A sermon preached at St Martin-in-the-Fields on December 24, 2025 by Revd Dr Sam Wells

Christmas Eve

We spent 40 years working out how to make computers our servants to fulfil every possible task quickly, accurately, and tidily. We’ve spent the last ten years realising we’re becoming servants of the computers, with our desires, anger and impulses manipulated by algorithms and bots. But perhaps the fundamental shift that’s happened over the last 20 years has been the transfer from analogue to digital. ‘Analogue’ originally comes from a family of words rooted in analogy, that’s to say a comparison between two non-identical things where the similarity is illuminating, like saying ‘Life’s a rollercoaster’ when you experience its gut-churning ups and downs. But analogue has come to mean an artefact that runs outside a computer network, and thus doesn’t have data a computer can process and store. The most obvious example is a clock that goes tick tock and has arms that go round a clock face. Remember those? Then there’s a thermometer where the mercury rises up through the narrow glass. What an interesting idea. And a vinyl record that you put in a gramophone and plays music through a stylus. How marvellously quaint.

There’s almost nothing, with the possible exception of unfashionable discriminatory language, that leaves you open to being called Grandad more than an attachment to analogue items. D’you mean you used to buy a roll of film, take it out of a box, get in a panic you were in too bright an area and run inside, refusing help while the camera back was open and you were dangling the new film from the plastic canister, and all the while fear you were going to lose your precious photos, of which you limited yourself to 24 per holiday and wouldn’t see again for three weeks after you sent them away to be printed?
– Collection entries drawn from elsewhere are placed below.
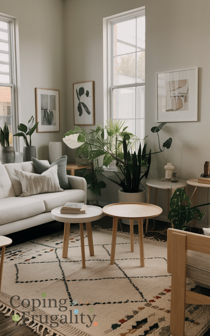 Traditional coffee tables can take up too much space. This Living Room Layout Idea for Small Spaces on a Budget suggests using ottomans, nesting tables, or small stools instead. These alternatives are affordable, flexible, and easier to move. You’ll maintain functionality while freeing up valuable floor space in your living room.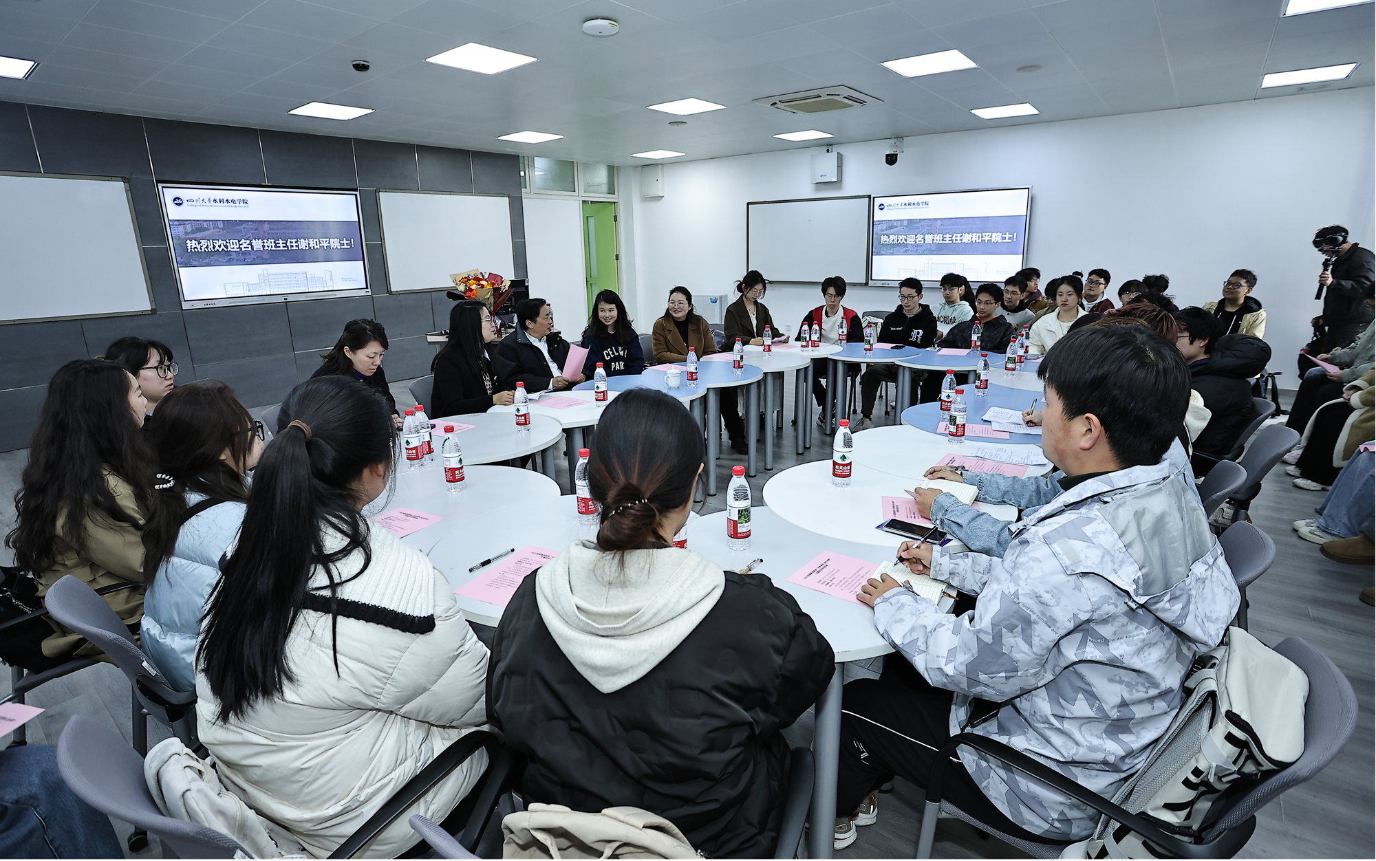 3月29日上午,谢和平院士在川大江安校区综合楼B座306教室参加水利水电学院本科2022级“深地与地下水利”国重创新班“书香浸润,成长有声”主题班会。水利水电学院学院副院长张茹、党委副书记兼纪委书记马丹、2022级辅导员和国重创新班全体学生以及部分学生代表参加了活动。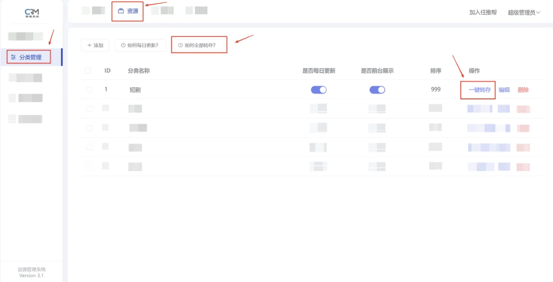 4 后台 – 资源 – 分类管理 – 一键转存 – 设置好每日更新 – 这样就能解放双手了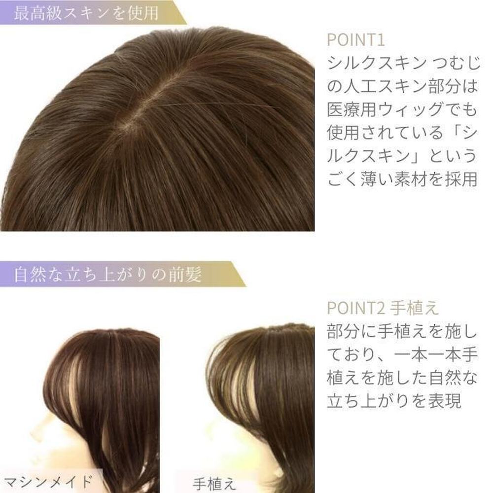素材・材質:耐熱ファイバー100% 仕様:ウィッグのタイプ(【部分手植え】耐熱白髪隠しウィッグ、頭頂部などのカバーに最適な部分かつら※前髪生え際ネット部分のみ手植え)、人工スキン有※シルクスキン採用、クリップ3個付き(前側:黒2個、後側:茶1個)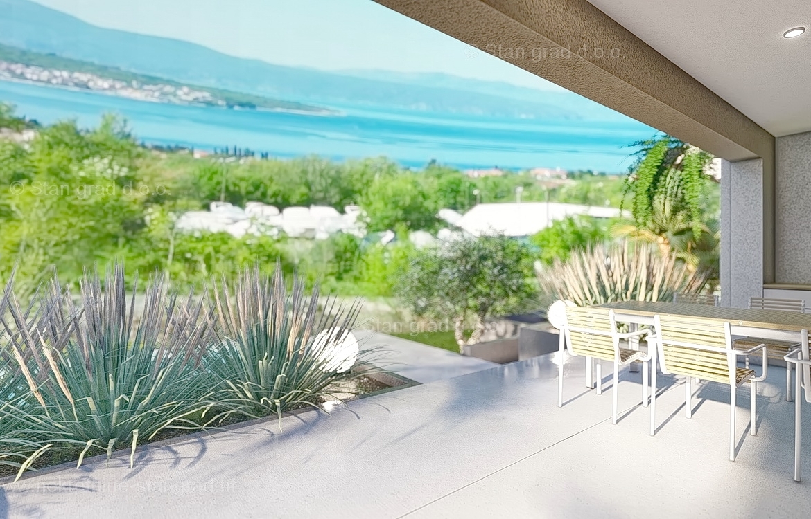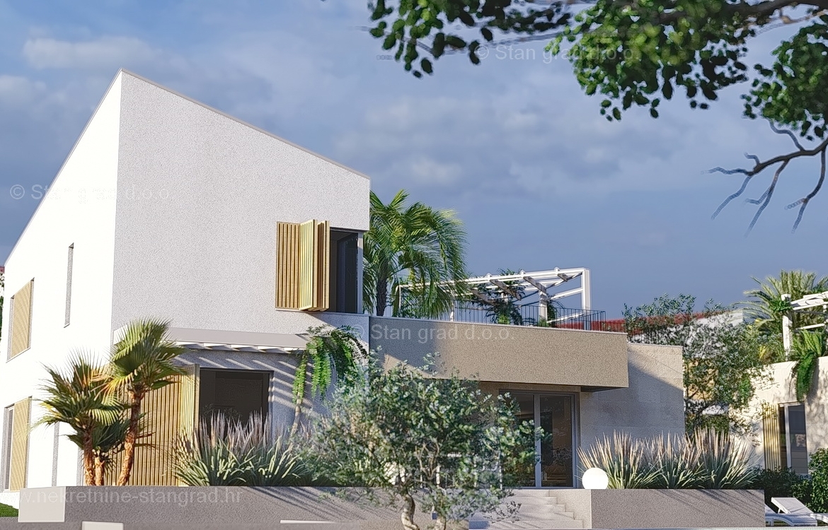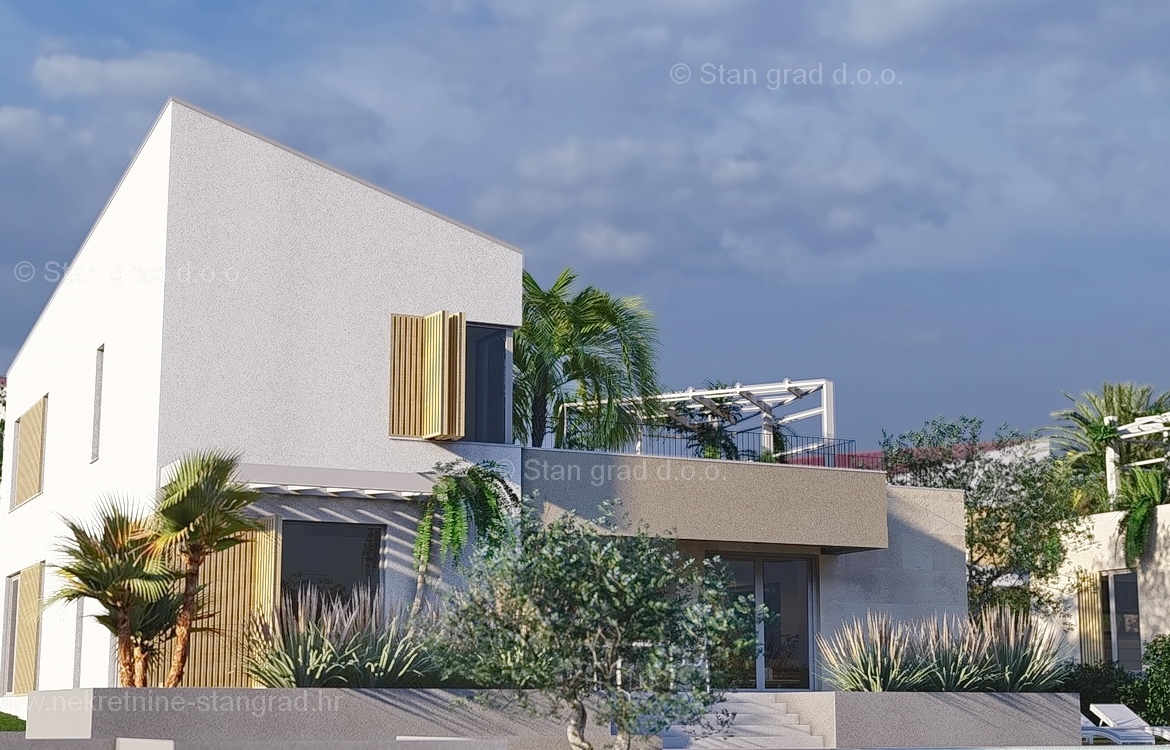 As part of the Kvarner real estate offer, the Stan Grad Immobilien agency is selling an exclusive design project – a luxury villa located in the northern Adriatic Mediterranean region, the island of Krk, on the highest point of the coastal town of Malinska with an enchanting view of the sea. This detached villa is ideal for anyone looking for a luxurious retreat that provides privacy, not only during the summer months, but all year round. The extremely attractive building covers a gross area of 279 m2, extending through a total of 3 floors (basement, ground floor and first floor), providing a pleasant living space for its owners. In the basement there is a space that has been carefully designed and includes a gym, a bathroom, an additional toilet and a storage room. The ground floor is characterized by an open concept of a spacious kitchen with a dining room and a living room surrounded by a glass wall with a view of the outdoor covered terrace and pool. Also on the ground floor there are two luxuriously equipped master bedrooms with private bathrooms and access to the terrace. An internal staircase leads to the first floor of this impressive building, where there are additional master bedrooms with their own bathrooms, a storage room and a spacious terrace of 72.23 m2 with a sun deck and jacuzzi. The added value of this entire building is given by the meticulously designed garden with a 32 m2 swimming pool and a sunbathing area, a terrace with an outdoor kitchen, which all together make the space ideal for outdoor gatherings and enjoying the sun. The villa is located within a unique resort consisting of 5 villas, and it is important to note that the owners will have a tennis court, basketball court, mini golf court, open gym, children’s park and bocce ball court. The facility and spacious grounds of this prestigious property allow for parking of several vehicles, ensuring practicality and comfort for the owners and their guests. The house in question is owned by a physical obligation and upon transfer of ownership is subject to the calculation of real estate transfer tax in the amount of 3%. The seller guarantees a quick transfer of ownership rights and proper ownership and technical documentation. We look forward to seeing you on the island of Krk. If you decide for us, our expert team will be happy to help you with the transfer of ownership and bills for utility connections to your name. Experience luxury, privacy and uniqueness in our superb villa on the island of Krk. Your oasis of peace is waiting for you!

And then close the curtains and get auntie round and create a slide show with a projector that kept getting stuck and showing a white screen in place of the actual slide, which was invariably back to front or upside down or overexposed, before the mountain of books slid off the table and the projector fell and got damaged so you had to take the slides individually to the window to get any sense of Niagara Falls. Now tell me Grandad, what part of that wasn’t the best fun?

A month ago I was in a posh consultancy building in central London. We wanted coffee? We typed our request for espresso, cappuccino, latte, macchiato, doppio, ristretto, lungo, freddo and flat white into an iPad, we used an elaborate code to open the door to the meeting room, we signalled to the ground floor when we wanted the lift, and we adjusted the heat, light and ambience of the room using a smooth wall monitor. We watched a classy PowerPoint on a descending screen, and we took notes dutifully on our own devices. We were completely digital.

Unfortunately the technology didn’t help us make any decisions. Which highlights the paradox of the present day. Technology, it seems, can do almost everything, to the point of making human intelligence and interaction almost obsolete. Meanwhile the real issues of life haven’t significantly changed. No one seriously wants to go back to a 1970s family slide show. But in all our sophistication, are we doing more than kidding ourselves we’ve got life sorted?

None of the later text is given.